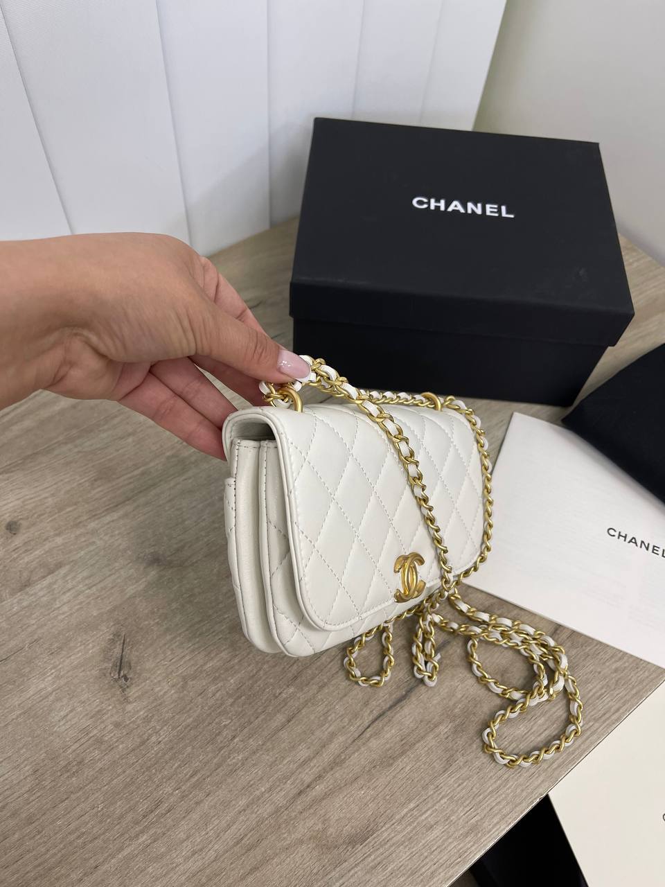 Сумка женская Chanel LUX-93223 — это элегантный аксессуар в классическом стиле. Она выполнена в белом цвете с характерной стёжкой и золотистой цепочкой. Такая сумка подойдет для создания как повседневных, так и вечерних образов.
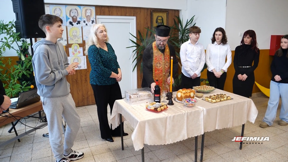 Sveti Sava obeležen je svečarski i u OŠ “Jovan Popović” u Kruševcu. Prigodan program u kreativno uredjenom holu izveli su učenici škole.
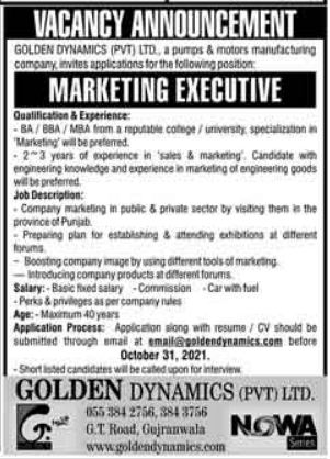 Latest Golden Dynamics Pvt Ltd Marketing Posts Gujranwala 2025
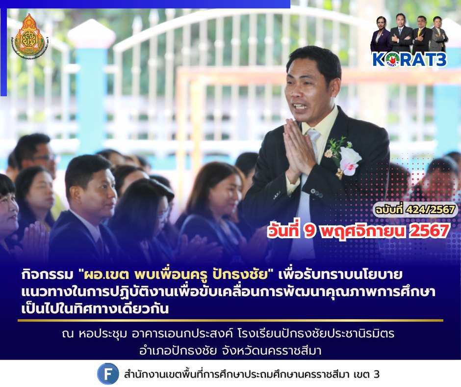 นายดำเนิน เพียรค้า ผู้อำนวยการสำนักงานเขตพื้นที่การศึกษาประถมศึกษานครราชสีมาเขต 3 พร้อมด้วย นายอังคารพิสุทธ์ สยามประโคน นายเพิ่มวุธ บุบผามาตะนัง นางสาวมยุรีย์ เนตรศิลานนท์ รองผู้อำนวยการสำนักงานเขตพื้นที่การศึกษาประถมศึกษานครราชสีมา เขต 3 ผู้อำนวยการกลุ่มงานทุกกลุ่ม ร่วมกิจกรรม “ผอ.เขต พบเพื่อนครู ปักธงชัย” เพื่อรับทราบนโยบาย แนวทางในการปฏิบัติงานเพื่อขับเคลื่อนการพัฒนาคุณภาพการศึกษาเป็นไปในทิศทางเดียวกัน และเตรียมความพร้อมในการเปิดเรียนภาคเรียน ที่ 2/2567 เป็นการสร้างขวัญกําลังใจให้แก่ข้าราชการครู และบุคลากรทางการศึกษาในสังกัดในการปฏิบัติหน้าที่ ณ หอประชุม อาคารเอนกประสงค์ โรงเรียนปักธงชัยประชานิรมิตร จังหวัดนครราชสีมา
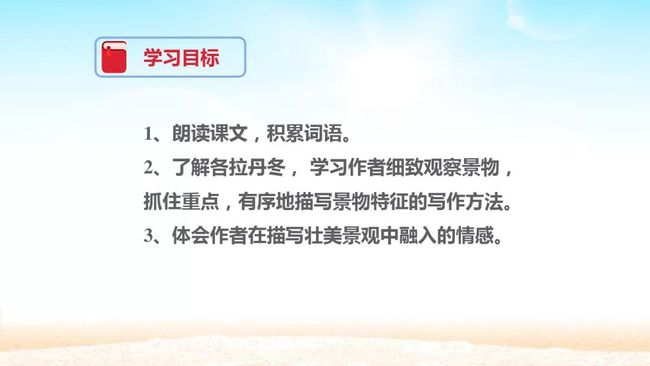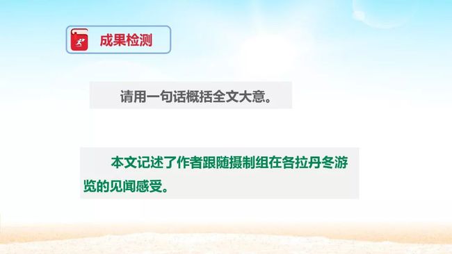 四、示例:“那是坚冰之下的流水之声”暗示各拉丹冬是长江的源头,“它一刻不停,从这千山之巅、万水之源的藏北高原流出,开始演绎长江的故事”表明各拉丹冬作为长江的源头,不仅仅哺育了西藏的土地及民众,更是一泻千里,浩浩荡荡地流经祖国大地,哺育中华民族的文明。这个结尾表现了文章的主题,也与文章标题“在长江源头各拉丹冬”相呼应。
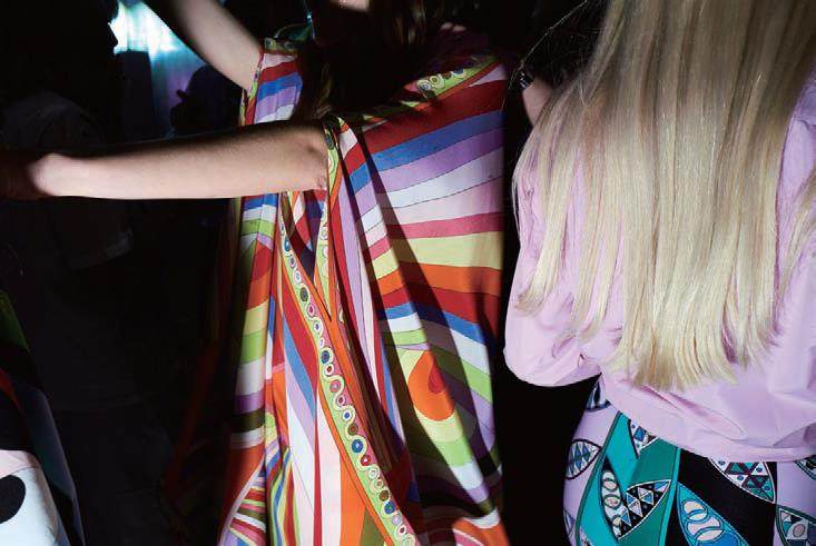 Pucci艺术总监 Camille Miceli和模特 Malika El Maslouhi在 Emilio Pucci位于米兰的工作室内。 Pucci的印花图案始终洋溢着生生不息的现代感,蕴含的欧式格调扑面而来,令人赏心悦目:如果要挑选一位时尚人士来作为Pucc这些特质的代表,Camille Miceli无疑是最佳人选。50岁的她是个法裔意大利人,在巴黎生活,大胆前卫,驻颜有术。在长达35年的
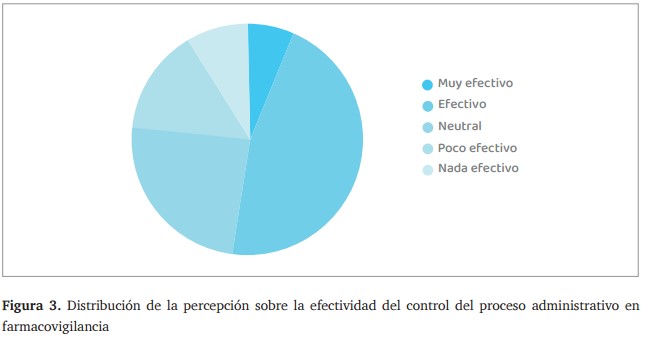 En relación con la percepción de los encuestados sobre la efectividad del control del proceso administrativo en las actividades de farmacovigilancia, los resultados fueron los siguientes:
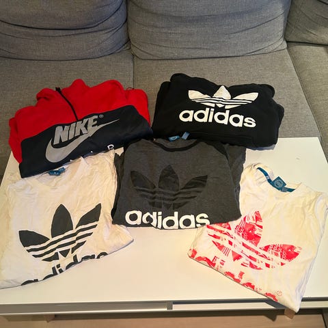 1 tracksuit, 2 genser, 2 sweatjakke, 1 olabukse, 2 t shirts
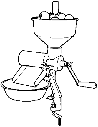 Fruit is positioned on a central pivot. As the handle is turned the fruit is revolved over a stationary knife and the peel is removed.
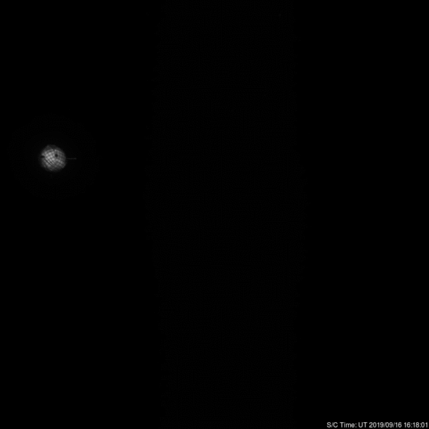 - 探査機から撮影したターゲットマーカのアニメーション。4秒間隔で撮影。最初の画像ではターゲットマーカまでの距離は約1mであるが、最後の画像では約9mである。(ターゲットマーカが降下しているのではなく、探査機が上昇することでターゲットマーカから離れていく。)
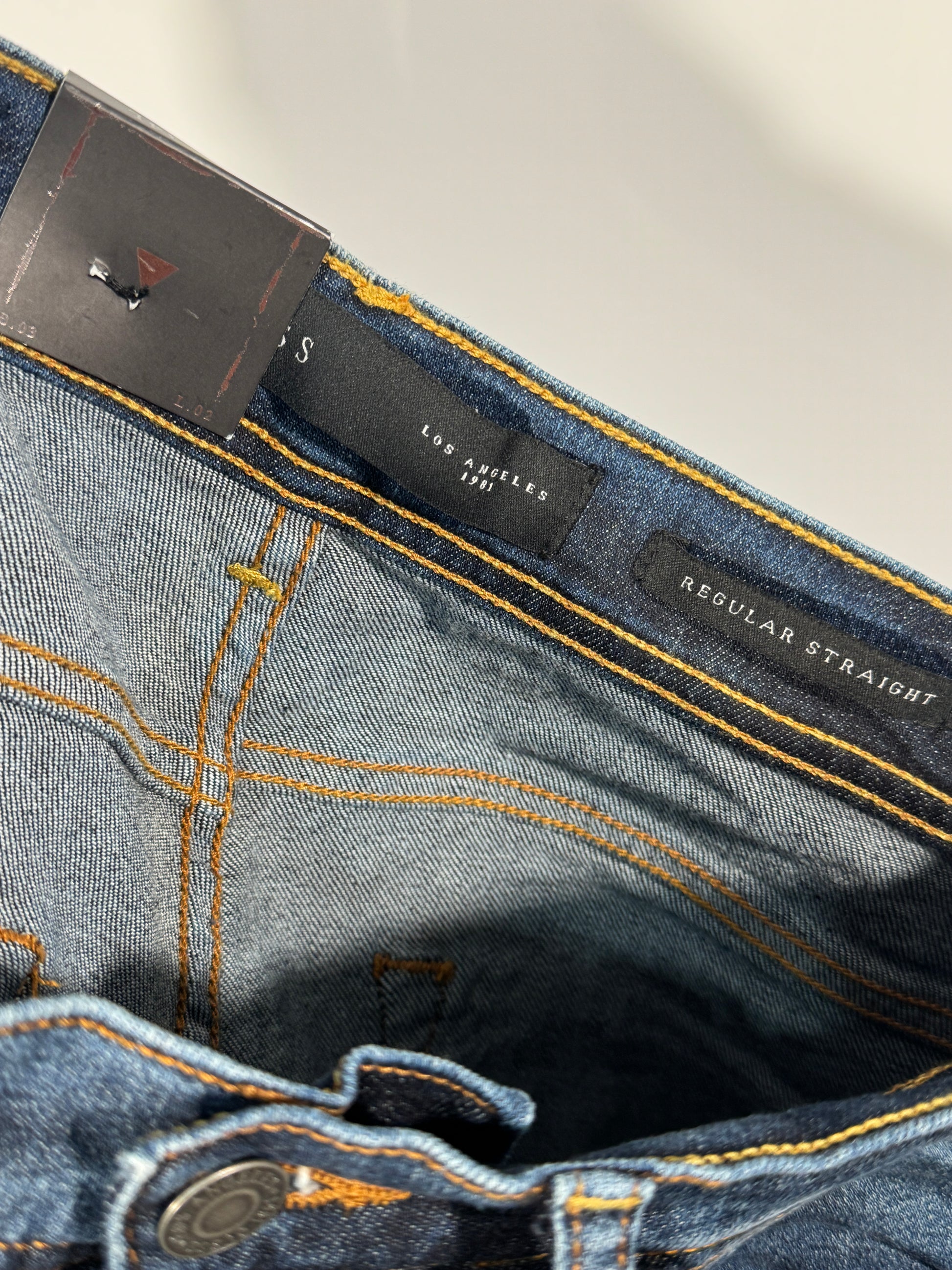 ✔️ Detalii: 5 buzunare, nasture metalic Guess, etichetă originală, fermoar frontal
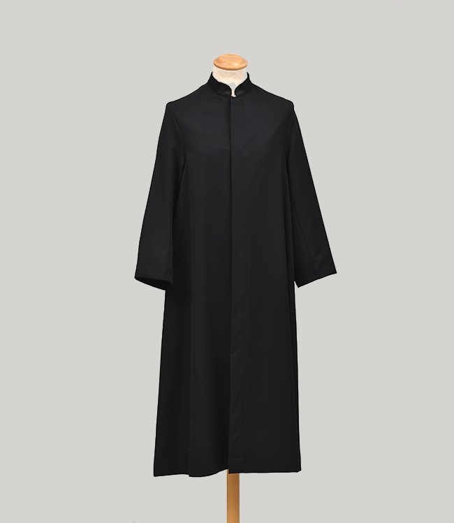 mit langem Arm, verdeckter Knopfleiste, Stehkragen.
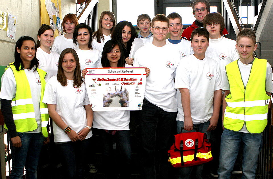 Die neuen Schulsanitäter heißen Marilena Reinhardt, Angelo Rosenfeld, Tim Simons, Clemens Stephany, Stefanie Baranowski, Arthur Rohrer, Caroline Jewski, Tim Rukowski und Gregor Krülov.
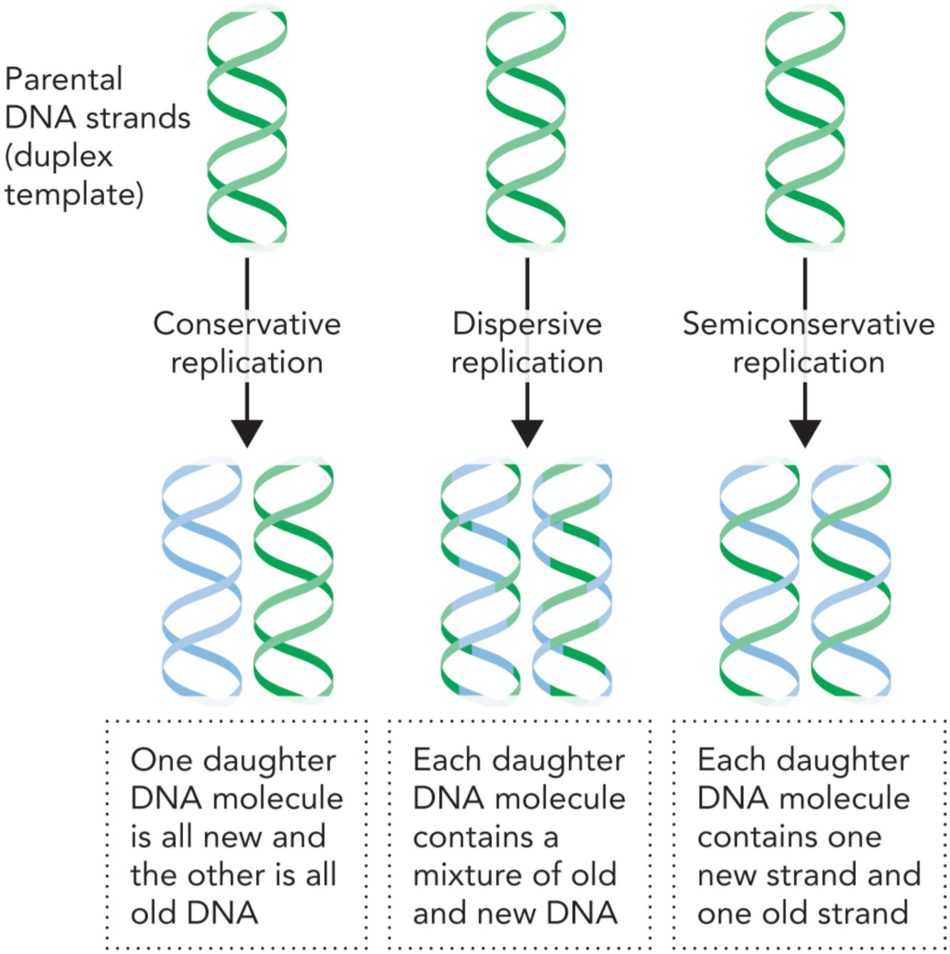 What are the 3 proposed hypotheses for DNA replication? Which one is correct?
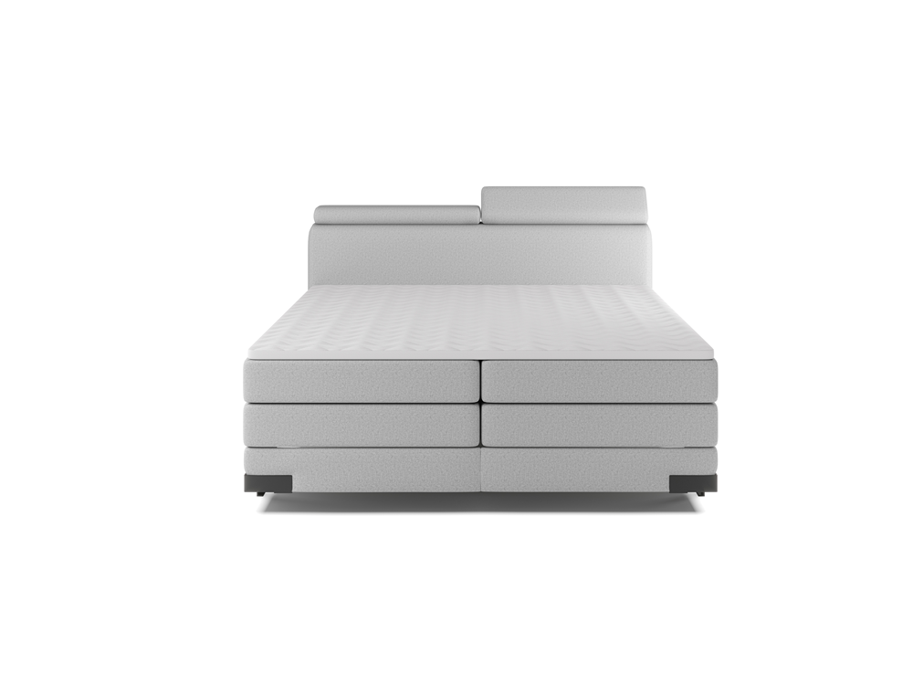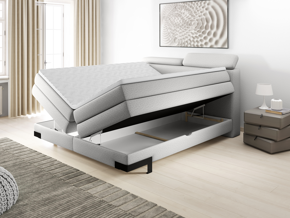 Model wyróżnia się podwójnym pojemnikiem na pościel ułatwiającym przechowywanie oraz praktyczną funkcją relax w zagłówku, która umożliwia wygodną pozycję półleżącą podczas czytania czy odpoczynku.
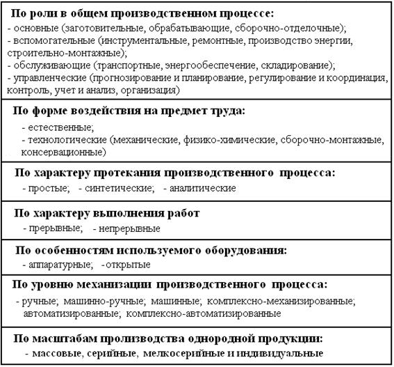 Техническая и организационно-экономическая характеристики производственного процесса определяются видом продукции; объемом производства; типом и видом применяемой техники и технологии; уровнем специализации. Производственные процессы на предприятиях разделяются на 2 вида: основные и вспомогательные.
■ ■ ■ ■ ■ ■ ■
Brief: Output the material word for word, and keep the pictures out.

Solved exercise:
 Сумка женская Chanel LUX-93223 — это элегантный аксессуар в классическом стиле. Она выполнена в белом цвете с характерной стёжкой и золотистой цепочкой. Такая сумка подойдет для создания как повседневных, так и вечерних образов.
 Sveti Sava obeležen je svečarski i u OŠ “Jovan Popović” u Kruševcu. Prigodan program u kreativno uredjenom holu izveli su učenici škole.
 Latest Golden Dynamics Pvt Ltd Marketing Posts Gujranwala 2025
 นายดำเนิน เพียรค้า ผู้อำนวยการสำนักงานเขตพื้นที่การศึกษาประถมศึกษานครราชสีมาเขต 3 พร้อมด้วย นายอังคารพิสุทธ์ สยามประโคน นายเพิ่มวุธ บุบผามาตะนัง นางสาวมยุรีย์ เนตรศิลานนท์ รองผู้อำนวยการสำนักงานเขตพื้นที่การศึกษาประถมศึกษานครราชสีมา เขต 3 ผู้อำนวยการกลุ่มงานทุกกลุ่ม ร่วมกิจกรรม “ผอ.เขต พบเพื่อนครู ปักธงชัย” เพื่อรับทราบนโยบาย แนวทางในการปฏิบัติงานเพื่อขับเคลื่อนการพัฒนาคุณภาพการศึกษาเป็นไปในทิศทางเดียวกัน และเตรียมความพร้อมในการเปิดเรียนภาคเรียน ที่ 2/2567 เป็นการสร้างขวัญกําลังใจให้แก่ข้าราชการครู และบุคลากรทางการศึกษาในสังกัดในการปฏิบัติหน้าที่ ณ หอประชุม อาคารเอนกประสงค์ โรงเรียนปักธงชัยประชานิรมิตร จังหวัดนครราชสีมา
 四、示例:“那是坚冰之下的流水之声”暗示各拉丹冬是长江的源头,“它一刻不停,从这千山之巅、万水之源的藏北高原流出,开始演绎长江的故事”表明各拉丹冬作为长江的源头,不仅仅哺育了西藏的土地及民众,更是一泻千里,浩浩荡荡地流经祖国大地,哺育中华民族的文明。这个结尾表现了文章的主题,也与文章标题“在长江源头各拉丹冬”相呼应。
 Pucci艺术总监 Camille Miceli和模特 Malika El Maslouhi在 Emilio Pucci位于米兰的工作室内。 Pucci的印花图案始终洋溢着生生不息的现代感,蕴含的欧式格调扑面而来,令人赏心悦目:如果要挑选一位时尚人士来作为Pucc这些特质的代表,Camille Miceli无疑是最佳人选。50岁的她是个法裔意大利人,在巴黎生活,大胆前卫,驻颜有术。在长达35年的
 En relación con la percepción de los encuestados sobre la efectividad del control del proceso administrativo en las actividades de farmacovigilancia, los resultados fueron los siguientes:
 1 tracksuit, 2 genser, 2 sweatjakke, 1 olabukse, 2 t shirts
 Fruit is positioned on a central pivot. As the handle is turned the fruit is revolved over a stationary knife and the peel is removed.
 - 探査機から撮影したターゲットマーカのアニメーション。4秒間隔で撮影。最初の画像ではターゲットマーカまでの距離は約1mであるが、最後の画像では約9mである。(ターゲットマーカが降下しているのではなく、探査機が上昇することでターゲットマーカから離れていく。)
 ✔️ Detalii: 5 buzunare, nasture metalic Guess, etichetă originală, fermoar frontal
 mit langem Arm, verdeckter Knopfleiste, Stehkragen.
 Die neuen Schulsanitäter heißen Marilena Reinhardt, Angelo Rosenfeld, Tim Simons, Clemens Stephany, Stefanie Baranowski, Arthur Rohrer, Caroline Jewski, Tim Rukowski und Gregor Krülov.
 What are the 3 proposed hypotheses for DNA replication? Which one is correct?
 Model wyróżnia się podwójnym pojemnikiem na pościel ułatwiającym przechowywanie oraz praktyczną funkcją relax w zagłówku, która umożliwia wygodną pozycję półleżącą podczas czytania czy odpoczynku.
 Техническая и организационно-экономическая характеристики производственного процесса определяются видом продукции; объемом производства; типом и видом применяемой техники и технологии; уровнем специализации. Производственные процессы на предприятиях разделяются на 2 вида: основные и вспомогательные.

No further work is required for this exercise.